(Source records)
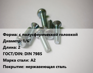 Винт с полусферической головкой 1/6"х2 DIN 7985 Сталь: A2 нержавеющая сталь
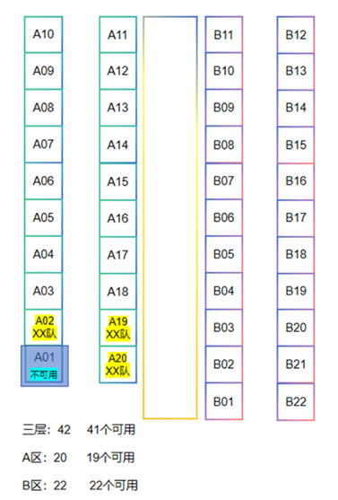 B区(较大区域):一层22个、二层22个、三层22个
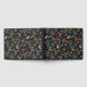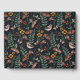 Este livro de hóspedes apresenta beija-flores, pássaros, borboletas, mariposas, samambaias, cogumelos e flores em um fundo azul escuro.
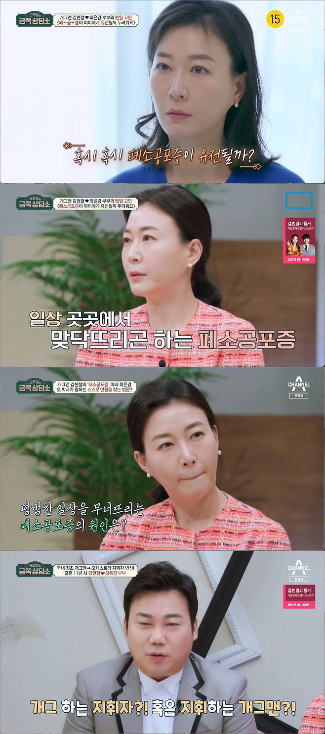최은경의 일상을 흔들어놓은 증상은 공황장애 증상 중 폐소공포증이라고. 최은경은 "'이러다 죽겠다' '이게 죽는 거구나' 싶었다. 해외여행에서 돌아오는 날 귀국 중 폐소공포증이 심하게 와서 비행기에 드러누웠다. 속옷 양말도 다 벗었다. 정신나간 것처럼 보였을 거다"라며 "이것도 유전이 있을까 싶다"라 걱정했다.
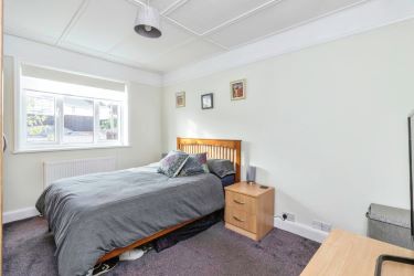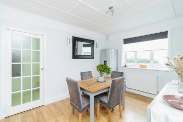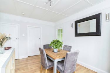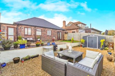 The bungalow offers three well-proportioned bedrooms, including a master bedroom with en-suite shower room. Refurbished family bathroom is a standout feature, boasting full tiling, a white suite with over-bath shower, and luxurious underfloor heating.
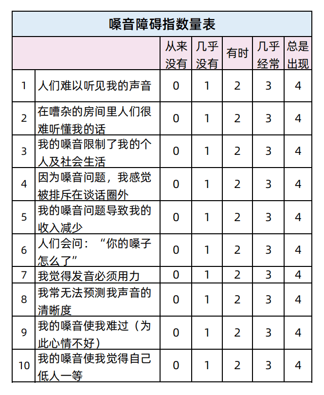 有,有简单版[言语障碍指数量表] 。请根据自己的真实感受回答。如果评分大于11分,可能有语音疾病,需要在医院进一步检查。
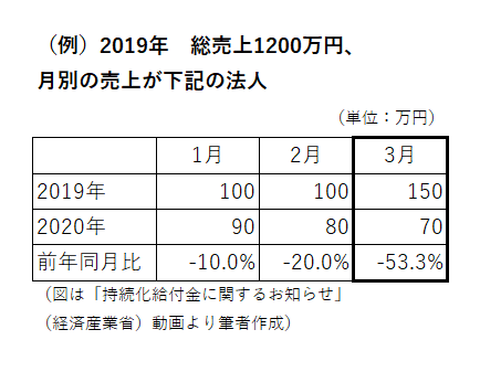 緊急事態措置またはまん延防止等重点措置に伴う外出自粛等の影響により売上が50%以上減少した中小法人等に対する支援金「月次支援金」。
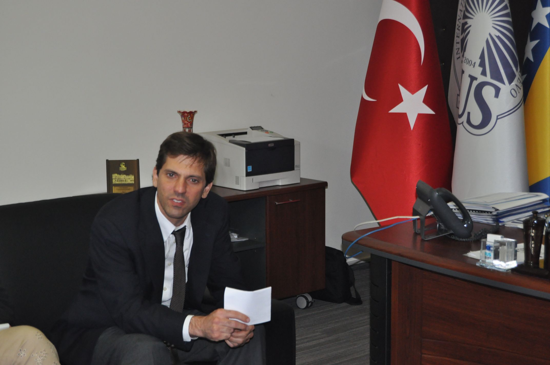 Rector Oğurlu presented the work and development of the University to his guests and he spoke about what has been done so far during the past years in the fields of higher education, building university campus, exchange of academic staff and students. Attaché Catalfamo talked about the possibilities of cooperation between the Embassy of the United States and IUS in form of academic staff exchange. US academic staff and researchers would get opportunity to spend one year in BiH where they could teach at IUS under the Fulbright exchange program.
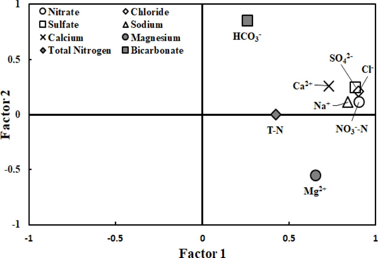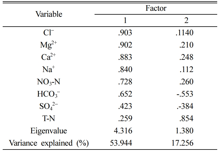 0.000로 유의한 결과를 나타냈고, 요인추출결과 NO3--N와 Cl-, Na+, Ca2+, Mg2+가
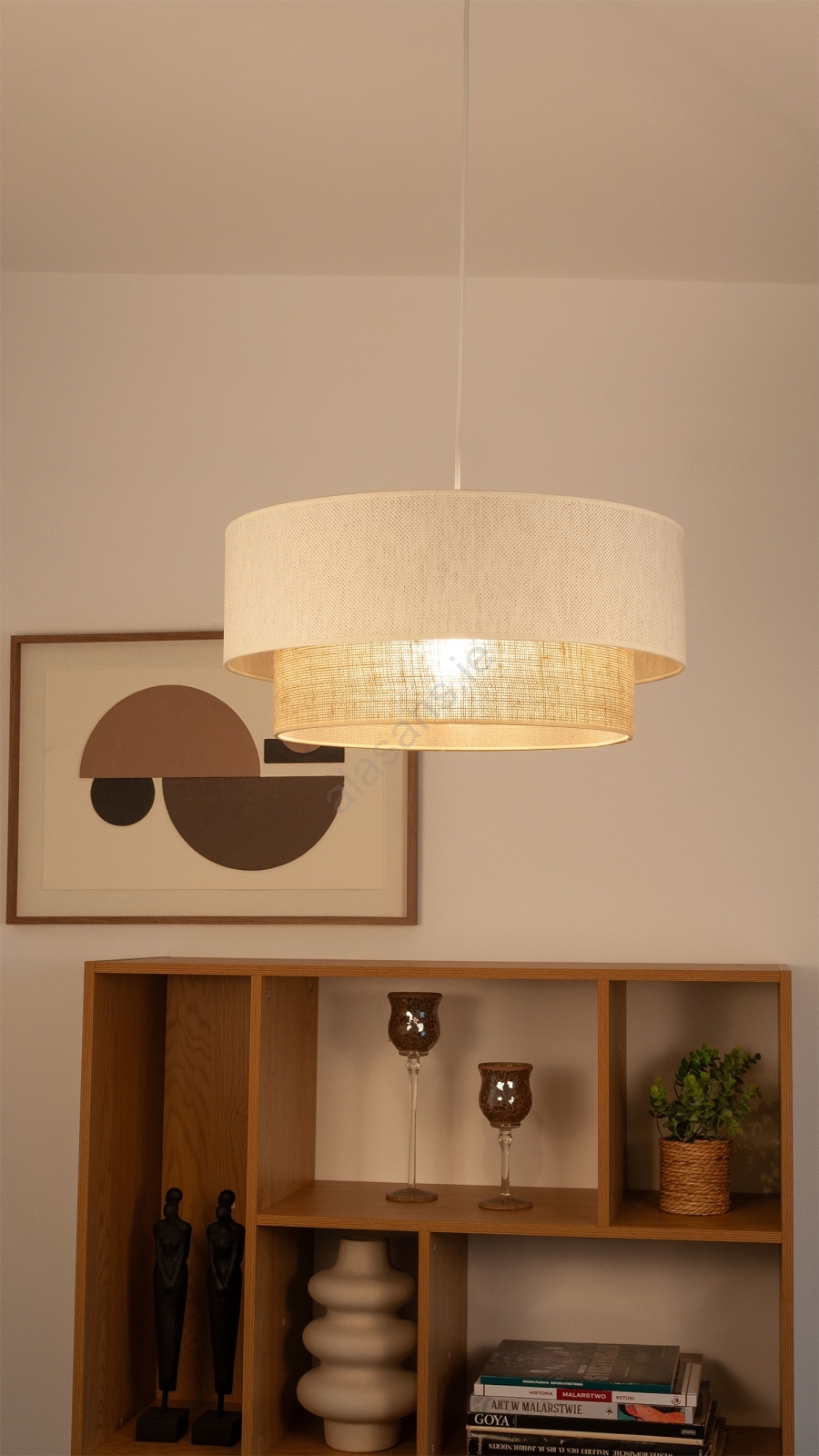 Cable-hung pendant light NATIA 1xE27/60W/230V Ø 45 cm white/brown characterizes nice and functional design.  A bulb with E27 cap is suitable for the light. Here, you can buy other bulbs at advantageous prices. You will have an interesting addtiion to your home.

• [Requirement]: Transcribe the lines that run from the line bearing "0.000로 유의한 결과를" through the last line of the data. Keep the wording exact and leave out every picture.

• [Answer section]:
 0.000로 유의한 결과를 나타냈고, 요인추출결과 NO3--N와 Cl-, Na+, Ca2+, Mg2+가
 Cable-hung pendant light NATIA 1xE27/60W/230V Ø 45 cm white/brown characterizes nice and functional design.  A bulb with E27 cap is suitable for the light. Here, you can buy other bulbs at advantageous prices. You will have an interesting addtiion to your home.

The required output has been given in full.